I'm wondering if there are any examples atomic examples out there for streaming audio FROM the iPhone to a server. I'm not interested in telephony or SIP style solutions, just a simple socket stream to send an audio clip, in .wav format, as it is being recorded. I haven't had much luck with the google or other obvious avenues, although there seem to be many examples of doing this the other way around.
i cant figure out how to register the unregistered account i initially posted with.
anyway, I'm not really interested in the audio format at present, just the streaming aspect. i want to take the microphone input, and stream it from the iphone to a server. i dont presently care about the transfer rate as ill initially just test from a wifi connection, not the 3g setup. the reason i cant cache it is because im interested in trying out some open source speech recognition stuffs for my undergraduate thesis. caching and then sending the recording is possible but then it takes considerably longer to get the voice data to the server. if i can start sending the data as soon as i start recording, then the response time is considerably improved because most of the data will have already reached the server by the time i let go of the record button. furthermore, if i can get this streaming functionality to work from the iphone then on the server side of things i can also start the speech recognizer as soon as the first bit of audio comes through. again this should considerably speech up the final amount of time that the transaction takes from the user perspective.

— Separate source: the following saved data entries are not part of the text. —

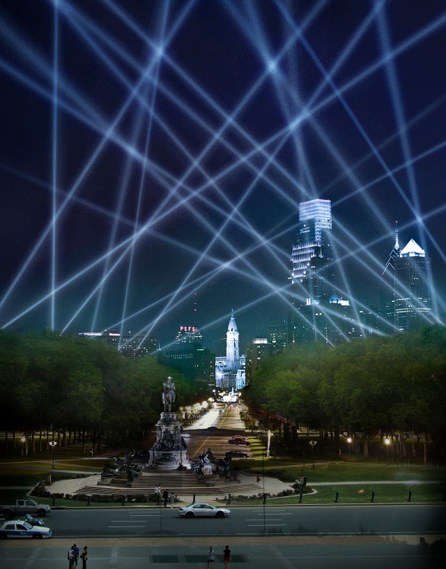 In this project, twenty four powerful searchlights create unique, dynamic light formations in the sky which react to voice messages sent by participants using a free mobile app and this website. The public is invited to record and submit messages of up to 30 seconds in length — shout-outs, poems, songs, rants, dedications, proposals. As the messages playback in Philadelphia, the lights react in brightness and position to the frequency and amplitude of the voice recordings, which can be heard through the mobile app, the website and public speakers located at the Project Information Center at Eakins Oval (24th Street and the Parkway).
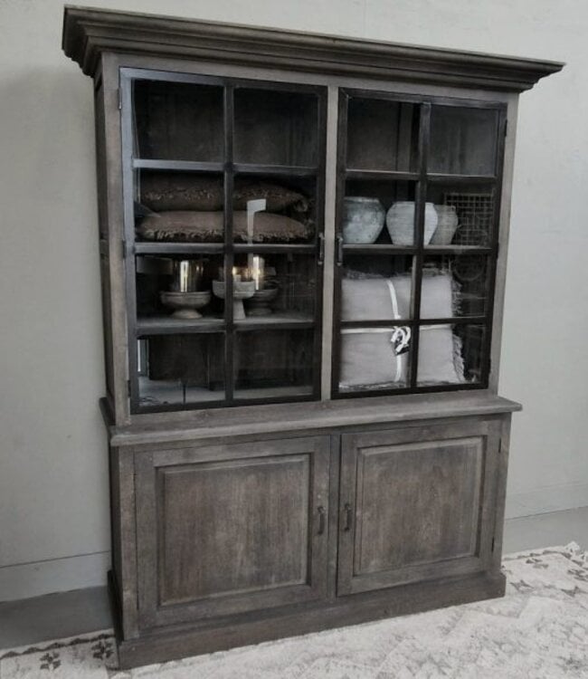 Ontdek de charme van de Vitrinekast Rani 4D. Deze prachtige kast met stalen deuren voegt een vleugje stijl aan elke ruimte toe. Met afmetingen van 220x140x50 cm biedt deze kast niet alleen voldoende opbergruimte, maar ook een sfeervol en landelijk accent.
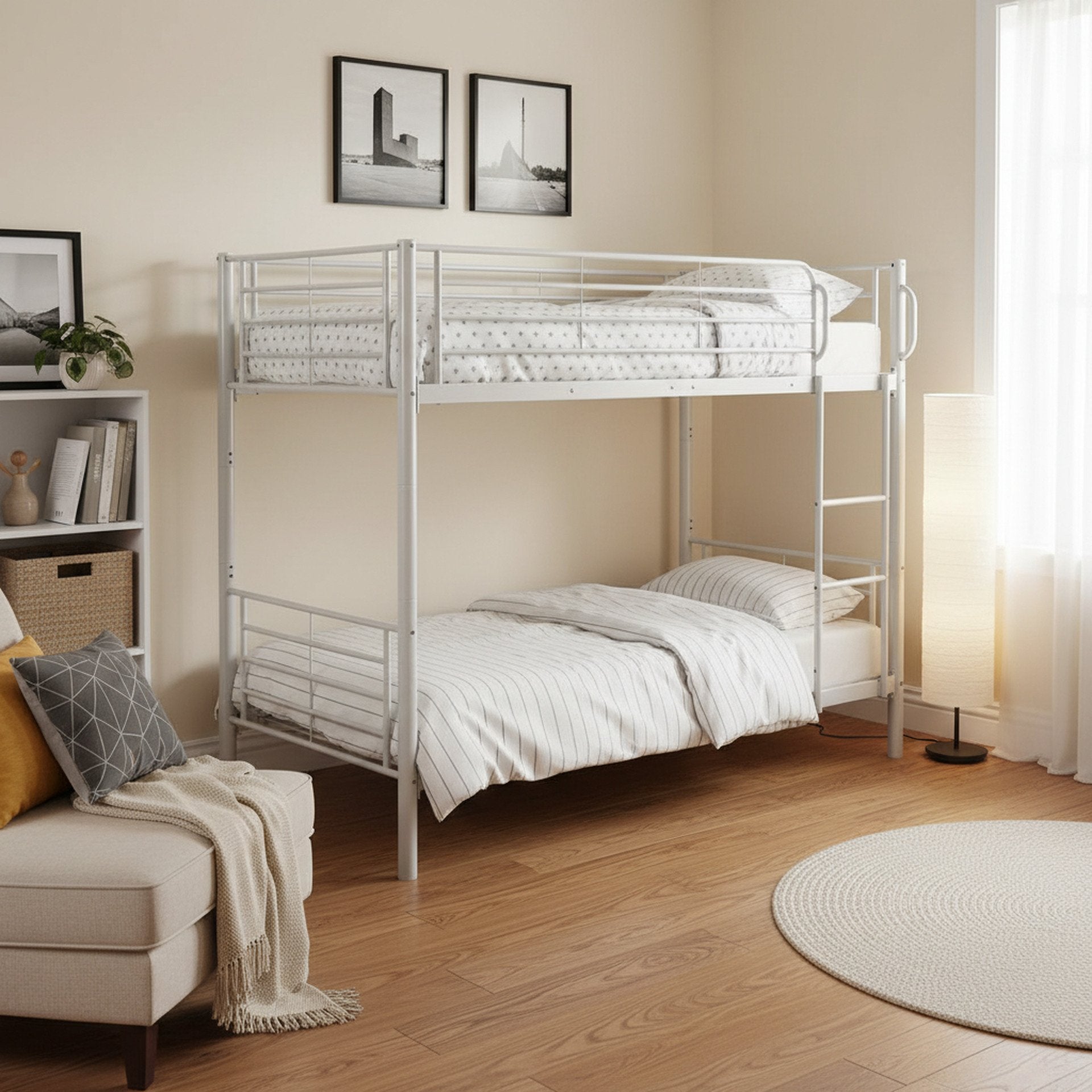 Owen Single Metal Bunk Bed Frame - White
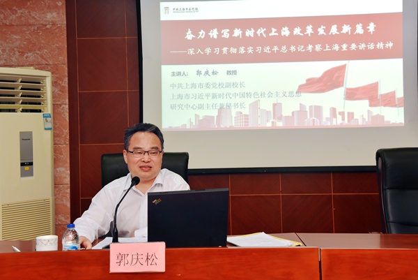 郭慶松教授圍繞主題,從“以講話精神統(tǒng)一全市上下思想和行動、以‘六個緊緊圍繞’推動講話精神落地”、以‘充滿激情’奮力創(chuàng)造新時代上海傳奇”三個方面深入解讀了習近平總書記在上??疾鞎r提出的“為全國改革發(fā)展大局服務、推動經(jīng)濟高質量發(fā)展、推動改革開放向縱深發(fā)展、深化社會治理創(chuàng)新、提高黨的建設質量和水平”五個方面的工作要求,具體講解了上海市委、市府在學習貫徹落實和推動講話精神落地的具體要求和工作部署。報告深入淺出、形象生動,既有理論上的解讀,又緊密聯(lián)系實際,運用大量的事例、案例進行說明,闡釋了習近平總書記考察上海重要講話精神。

colin barrett mentions the phones and phone networks, but these are actually a pretty suboptimal solution for asr, mainly because they provide no good way to recover from errors - doing so over a voip dialogue is a horrible experience. however, the iphone and in particular the touch screen provide a great way to do that, through use of an ime or nbest lists for the other recognition candidates.
if i can figure out the basic architecture for streaming the audio, then i can start thinking about doing flac encoding or something to reduce the required transfer rate. maybe even feature extraction, although that limits the later ability to retrain the system with the recordings.